O ano de 2016 se anuncia como um ano particularmente intenso para os governos locais do mundo inteiro: as agendas globais aterrissam nas cidades e nas regiões. Torna-se necessário, portanto, que as prioridades globais estejam alinhados com as necessidades locais.

No mês de setembro de 2016, a Assembleia-Geral da ONU adotou a chamada Agenda 2030 que inclui 17 Objetivos de Desenvolvimento Sustentável (ODS) com um forte conteúdo urbano. É exatamente nesse momento que o potencial transformador da urbanização adquire um maior reconhecimento frente a comunidade internacional, e no qual é indispensável que a definição da Nova Agenda Urbana outorgue um papel-chave para a cidades ou áreas urbanas, bem como a sua conexão com as áreas rurais na construção de um futuro sustentável.

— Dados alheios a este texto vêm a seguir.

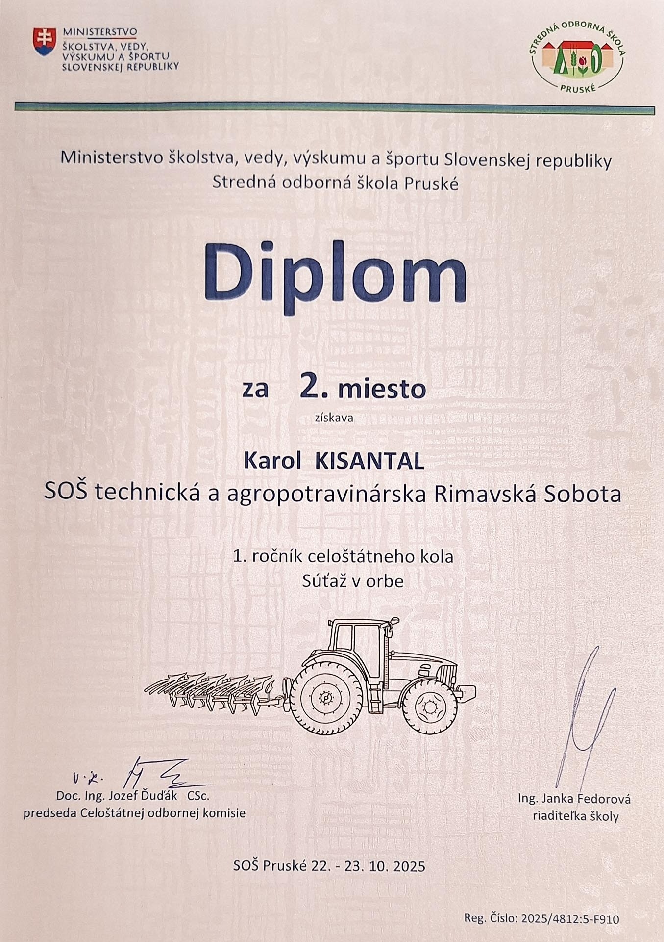 V Pruskom sa v dňoch 22. – 23. októbra 2025 konal 1. ročník celoštátnej súťaže v orbe, ktorého cieľom bolo podporiť záujem žiakov o poľnohospodárstvo, prácu s pôdou a moderné agrotechnické postupy. Podujatie organizovala Stredná odborná škola Pruské v spolupráci so spoločnosťou AgroDulov s.r.o. a združením AGRION. Našu školu SOŠ technickú a agropotravinársku reprezentoval Karol Kisantal, žiak 4. ročníka odboru agromechatronik. Súťaž odštartovala teoretickým testom, ktorý bol zameraný na problematiku orby. Po ňom nasledoval oficiálny tréning orby na pozemkoch AgroDulov, Druhý deň 1. ročníka celoštátnej súťaže v orbe, ktorý sa konal v areáli SOŠ Pruské a na súťažných pozemkoch AgroDulov, priniesol nielen napätie, vôňu pôdy a zvuk traktorov, ale aj radosť a úspech pre našu školu. Karol Kisantal získal nádherné druhé miesto v silnej konkurencii súťažiacich zo Slovenska aj z Českej republiky! Súťažný deň sa začal slávnostným sľubom oráčov a rozhodcov, po ktorom nasledovala ostrá súťažná orba. Účastníci predviedli svoje zručnosti v práci s dvojradličným pluhom, precíznosť, presnosť a cit pre pôdu, ktoré sú pre kvalitnú orbu nevyhnutné. Rozhodcovia hodnotili výkony podľa medzinárodného bodovacieho systému používaného na majstrovstvách sveta v orbe, takže posudzovanie bolo prísne. Poobede prebehlo vyhlásenie výsledkov a odovzdanie cien, kde si výhercovia prevzali poháre, diplomy, vecné aj finančné ceny. Na všetkých účastníkov čakala aj milá pozornosť – certifikáty za účasť, ktoré im budú pripomínať túto výnimočnú skúsenosť. Celú atmosféru sprevádzala radosť, uznanie a zaslúžený potlesk pre všetkých súťažiacich. Veľká vďaka patrí organizátorom súťaže – Strednej odbornej škole Pruské, pretože pripravili podujatie na vysokej úrovni. Vďaka nim sme získali cenné skúsenosti, nové poznatky aj množstvo príjemných zážitkov. Karolovi srdečne blahoželáme k výbornému výsledku a ďakujeme mu za vzornú reprezentáciu našej školy. Svojím prístupom, zručnosťou a pokojom za volantom traktora potvrdil, že poctivá práca a záujem o odbor prinášajú skvelé výsledky.
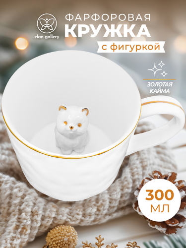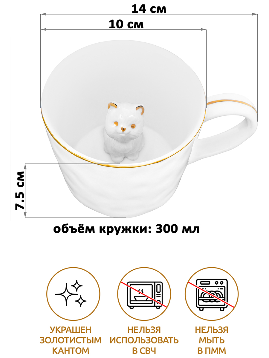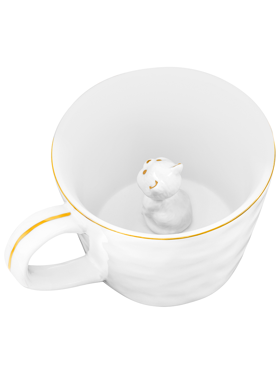 БЫЛО 668 руб! Кружка 300 мл 14*10*7,5 см "Котенок" с фигуркой внутри, белый с золотом, фарфор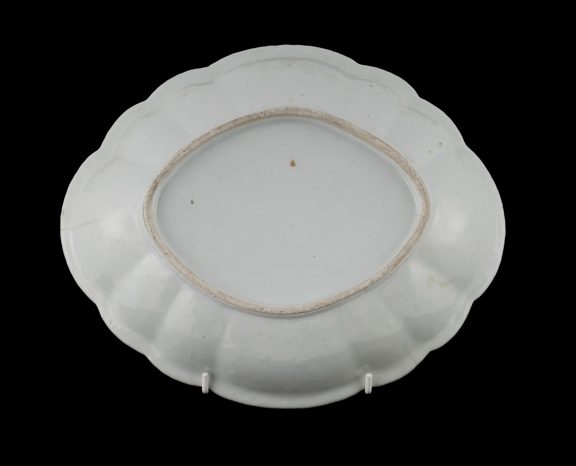 2 Cantonese Famille Rose Porcelain Plates. One circular plate with reserve panels depicting figures on a terrace and panels with flowers, birds & insects (Dia 27cm); and an oval dish with central panel depicting ladies in a courtyard (22x26cm) Estimate $100-200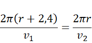 Zapisz wzór na prędkość w ruchu po okręgu jako iloraz obwodu i okresu. Okres obiegu pełnego koła musi być taki sam dla obu gąsienic. Promień zakrętu jest zaznaczony jako odległość do wewnętrznej gąsienicy. Przyrównaj do siebie wzory na okres obiegu. Podstaw informacje o promieniu. Następnie oblicz wartość promienia, pamiętając o zamianie jednostek.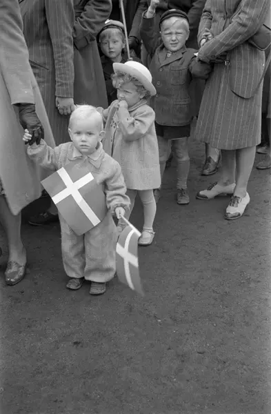Frogner stadion, arrangement for barn etter folketoget, gutter, danske flagg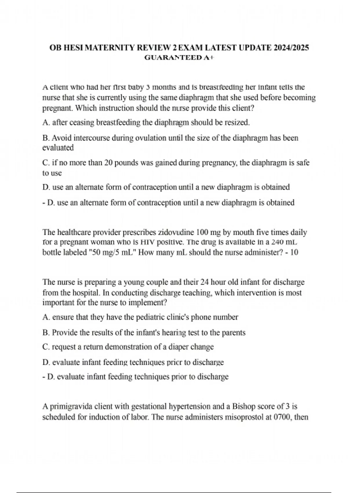 A client who had her first baby 3 months and is breastfeeding her infant tells the nurse that she is currently using the same diaphragm that she used before becoming pregnant. Which instruction should the nurse provide this client? A. after ceasing breastfeeding the diaphragm should be resized. B. Avoid intercourse during ovulation until the size of the diaphragm has been evaluated C. if no more than 20 pounds was gained during pregnancy, the diaphragm is safe to use D. use an alternate form of contraception until a new diaphragm is obtained - D. use an alternate form of contraception until a new diaphragm is obtained The healthcare provider prescribes zidovudine 100 mg by mouth five times daily for a pregnant woman who is HIV positive. The drug is available in a 240 mL bottle labeled "50 mg/5 mL" How many mL should the nurse administer? - 10 The nurse is preparing a young couple and their 24 hour old infant for discharge from the hospital. In conducting discharge teaching, which intervention is most important for the nurse to implement? A. ensure that they have the pediatric clinic's phone number B. Provide the results of the infant's hearing test to the parents C. request a return demonstration of a diaper change D. evaluate infant feeding techniques prior to discharge - D. evaluate infant feeding techniques prior to discharge A primigravida client with gestational hypertension and a Bishop score of 3 is scheduled for induction of labor. The nurse administers misoprostol at 0700, then observes regular contractions with cervical changes at 0900. Which action should the nurse take? A. administer misoprostol every 2 hours B. ambulate the client after administration of misoprostol C. start oxytocin infusion immediately D. begin oxytocin 4 hours after misoprostol is given - D. begin oxytocin 4 hours after misoprostol is given A multigravida client in labor is receiving oxytocin 4 mu/min to help promote an effective contraction pattern. The available solution is LR 1,000 mL with oxytocin 20 units. The nurse should program the infusion pump to deliver how many mL/hour? (enter numeric value only.) - 12 The nurse is caring for a client whose fetus died in utero at 32 weeks gestation. After the fetus is delivered vaginally, the nurse implements routine fetal demise protocol and identification procedures. Which action is most important for the nurse to take? A. explain reasons consent for an infant autopsy is needed B. Encourage the mother to hold and spend time with her baby C. determine if the mother desires a visit from her clergy D. create a memory box of baby's footprints and photographs - B. Encourage the mother to hold and spend time with her baby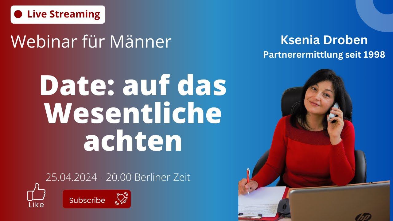 Liebe Herren, Heute treffen wir uns zum Webinar und ich gebe Ihnen Tipps und Empfehlungen, worauf Sie beim persönlichen Kennenlernen achten sollten. Viele von Ihnen sind so von der Schönheit und den Beinen abgelenkt, dass Sie nicht auf das Wesentliche achten. Und das führt zu großen Enttäuschungen, wenn die rosa-rote Brille weg ist. Unser Thema ist „Date: auf das Wesentliche achten“ Wann: Donnerstag, den 25.April um 20.00 Wo: YouTube Channel "Ksenia Droben": https://www.youtube.com/@KseniaDrobenPartnervermittlung Alternativ auch Facebook: https://www.facebook.com/ksenia.droben/ Twitch: https://www.twitch.tv/kseniadating LinkedIn: https://www.linkedin.com/in/ksenia-droben-911289148/ Instagram @kseniadroben.agency Tiktok: @kseniamatchmaking Dauer: Ca. 60 Minuten Ich freue mich sehr auf Ihre Fragen und Kommentare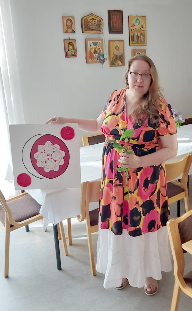 Olen heinolalainen uskontotieteilijä, kuvataiteilija, runoilija, kirjailija ja opettaja. Kasvoin hoitajaäitini kanssa maaseutuvanhainkodissa Hyvinkään Ridasjärven kylässä. Asuimme äitini kanssa vanhainkodin alueella. Äitini oli innokas virkkaaja ja opetti taidon minullekin. Koristelimme kotimme pitseillä: niitä oli ovien ikkunoissa, verhoina, tyynyjen päällisinä ja vaatteina. Pitsimaalausten tekeminen merkitsee minulle sisäisen lapseni hoitamista, psyykkistä eheyttä, ja siksi kutsun niitä mandaloiksi tai lohtumaalauksiksi. Jatkan äitini perinnettä, kuulun sukupolvien ketjuun ja vahvistan omaa naiseuttani. Materiaaleilla ja väreillä leikkiminen antaa mielihyvää, jota tunsin lapsena hoitajaäidin tyttärenä.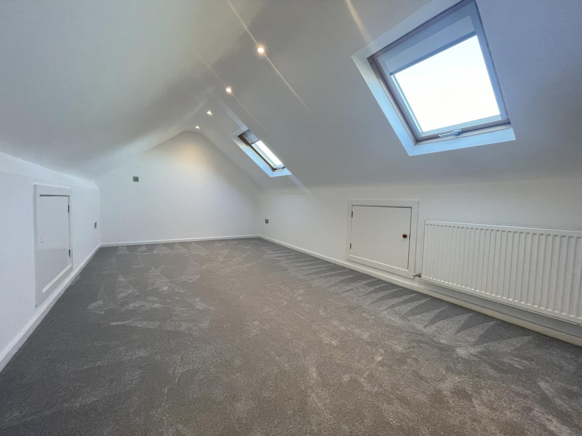 Two roof windows to rear, radiator, recessed spotlighting, access to eaves storage area. Doorway to en-suite bathroom.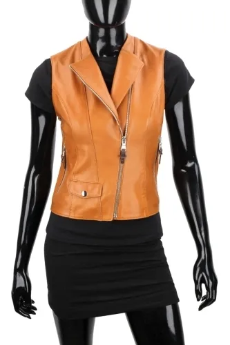 KRY084 - camelowa kamizelka skórzana damska w rockowym stylu DORJAN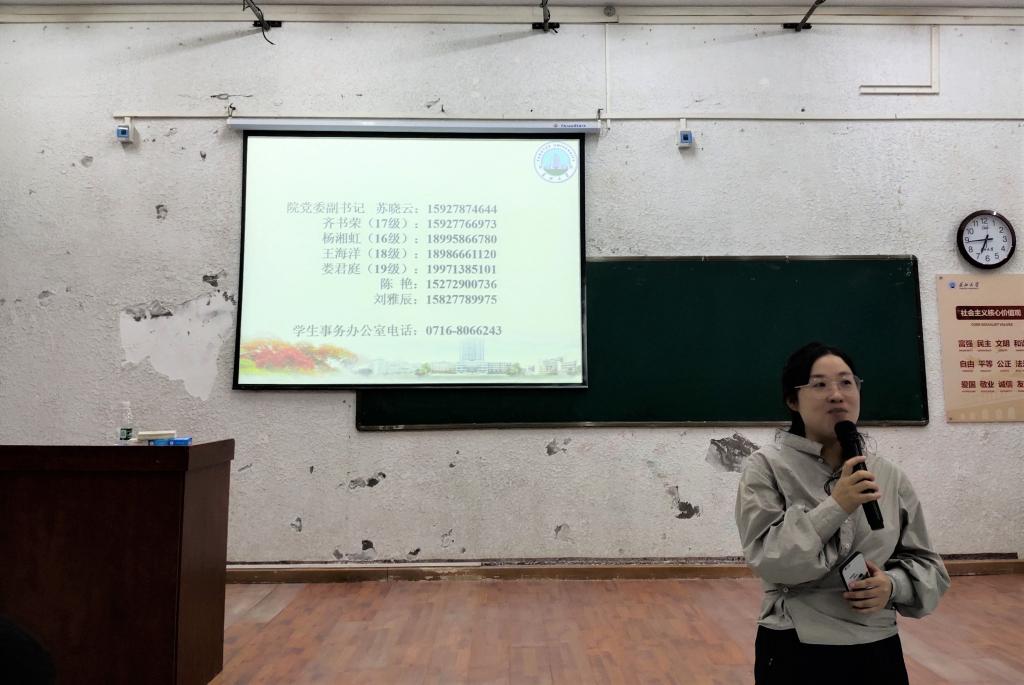 会议临近尾声,苏书记告诉同学们:“安全教育是提高大学生综合素质的重要内容,是维持高校治安稳定的基础。希望同学们能够学以致用,保护自身。祝愿同学们学业有成。”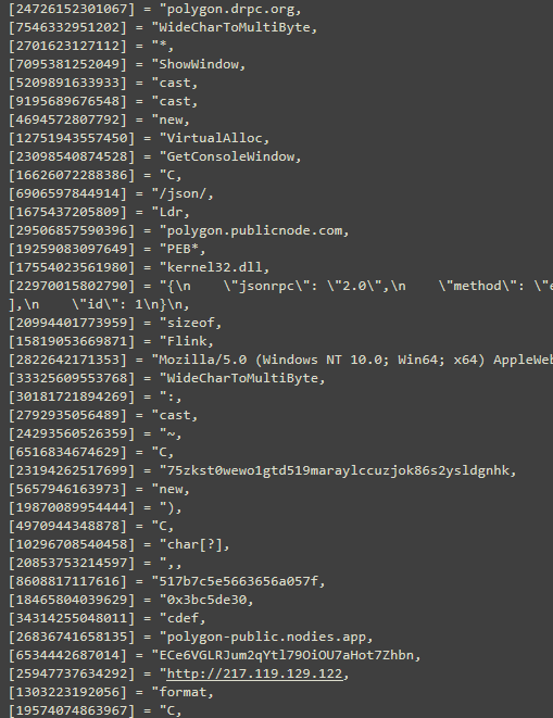Variant 2: Payload(decimal) → Windows-1252 byte-to-string conversion; multiple Polygon RPC endpoints for improved C2 retrieval reliability.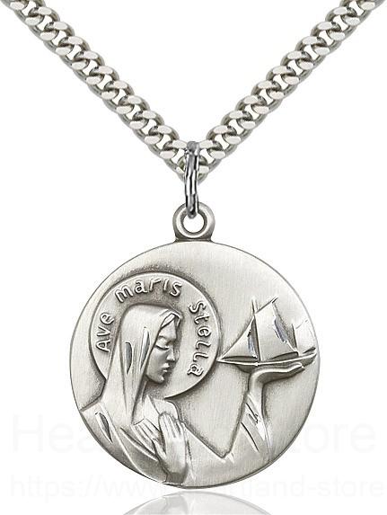 About this Our Lady Star of the Sea Medal, Sterling Silver + 24" 2.2mm Sterling Silver Chain + Clasp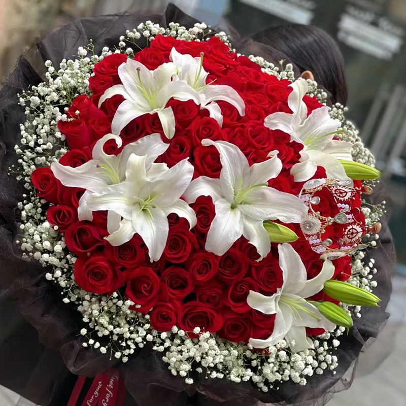 花 材:99朵卡罗拉红玫瑰,5枝多头白色香水百合,1个皇冠,满天星围边点缀。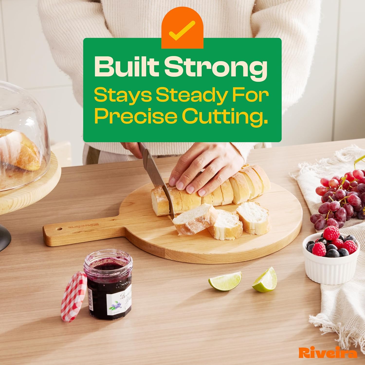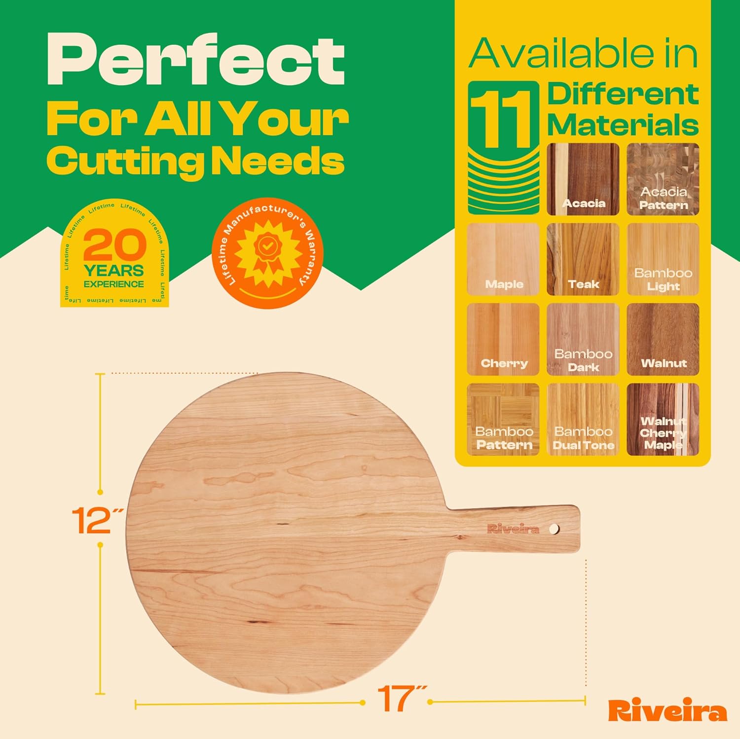 - Premium Crafted Cherry — Take a detour from traditional kitchen aesthetics with this cherry wood board crafted from 100% natural cherry. Beyond being an unconventional and eco-friendly choice, the chopping board wood proudly showcases the environment friendly and organic cherry. This wood cutting boards for kitchen counter adds an unexpected touch of confidence and style to your once-orderly culinary space. Riviera's wooden chopping boards for kitchen will be there for many years to come.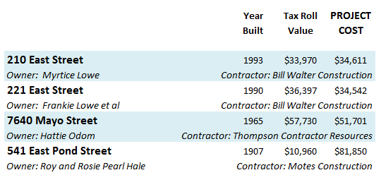Other homes selected for rehabilitation will range in cost from $34,611 for a home at 210 East Street to $51,701 for a home on Mayo Street (pictured inset). The project for each of the homes is detailed in the graphic below.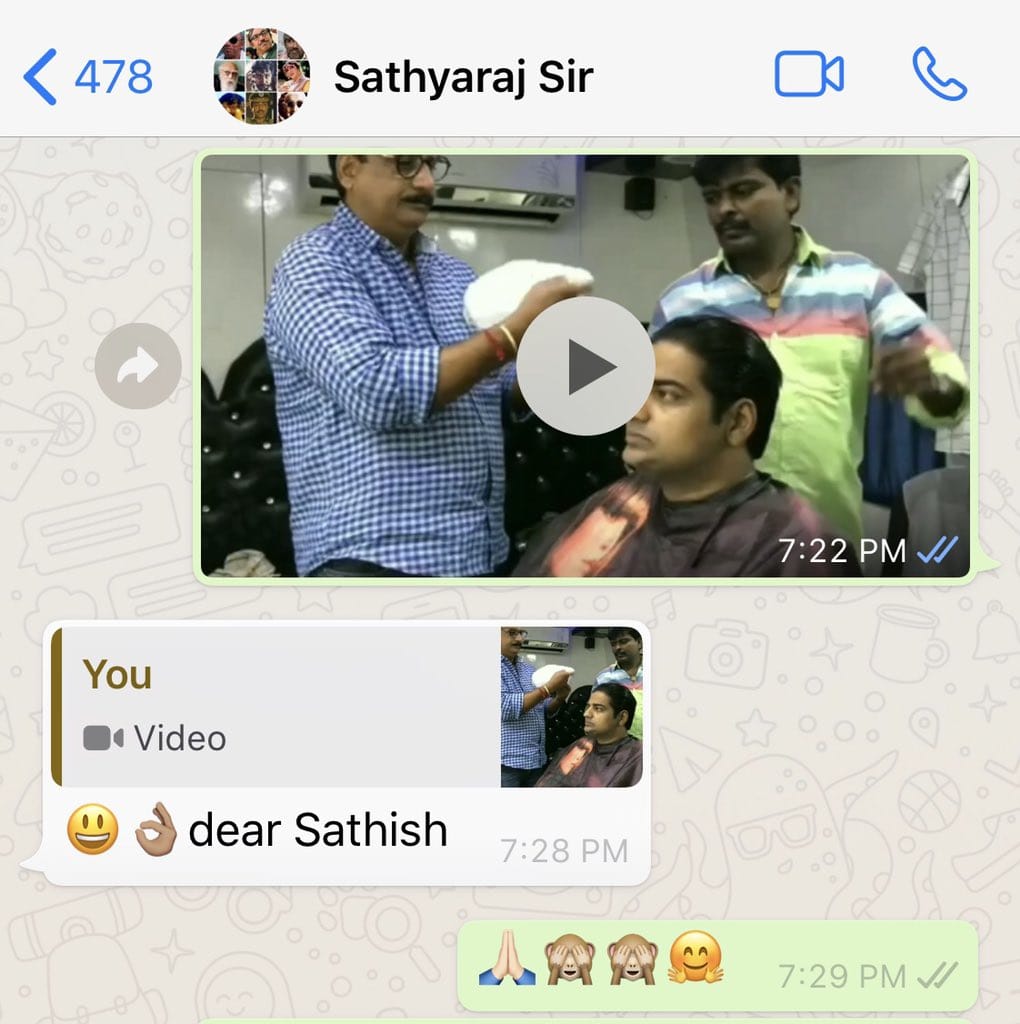 அதில் ஒன்று ‘நூறாவது நாள்’ படத்தில் மொட்டையடித்துக்கொண்டு ரெட் கலர் உடையில் வி ல் லனாக வந்த சத்யராஜின் கெட்டப். இந்த மேக் ஓவர் வீடியோவை இணையத்தில் வெ ளியிட்ட சதீஷிற்கு சத்தியராஜ் வாட்ஸ் ஆப்’ல் dear சதீஷ் சூப்பர்.. என்று மெஸேஜ் அனுப்பியிருக்கிறார். இதனை சதீஷ் மிகப் பெரிய விருது சத்யராஜ் சார் அவர்களிடமிருந்து என கூறி screen shot வெளியிட்டுள்ளார்.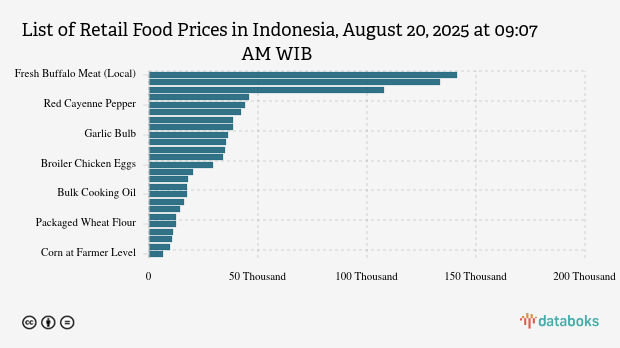 Here is the complete list of prices for 25 food commodities in Indonesia according to Bapanas on August 20, 2025, at 09:07 AM WIB.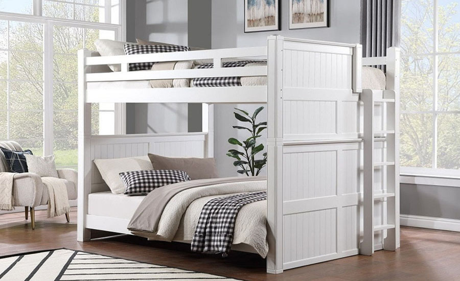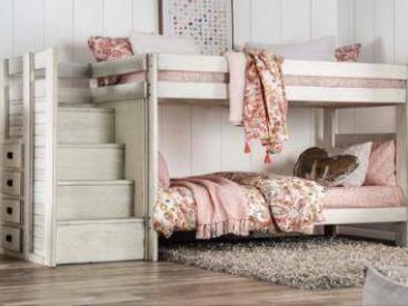 Choose from XL & Queen, triple and quadruple bunk beds, available in different design styles like cottage/ Coastal, farmhouse, log Barnwood and modern industrial. These beds come in beautiful finishes like white, cherry, oak, walnut, dark pecan, gray, black and navy blue.

Visando esse objetivo, o Sistema das Nações Unidas organiza a Terceira Conferência das Nações Unidas sobre habitação e desenvolvimento urbano sustentável (Habitat III) que ocorrerá na cidade de Quito, Equador, na semana de 17 de outubro de 2016. O principal objetivo da reunião é relançar o compromisso global a favor do desenvolvimento urbano sustentável, centrando-se na implementação da “Nova Agenda Urbana” e buscando definir um paradigma urbano que garanta a melhoria da qualidade de vida para as gerações futuras. A Habitat III é uma oportunidade única para reforçar o compromisso global com a urbanização sustentável, baseado no Programa da Habitat de Istambul em 1996.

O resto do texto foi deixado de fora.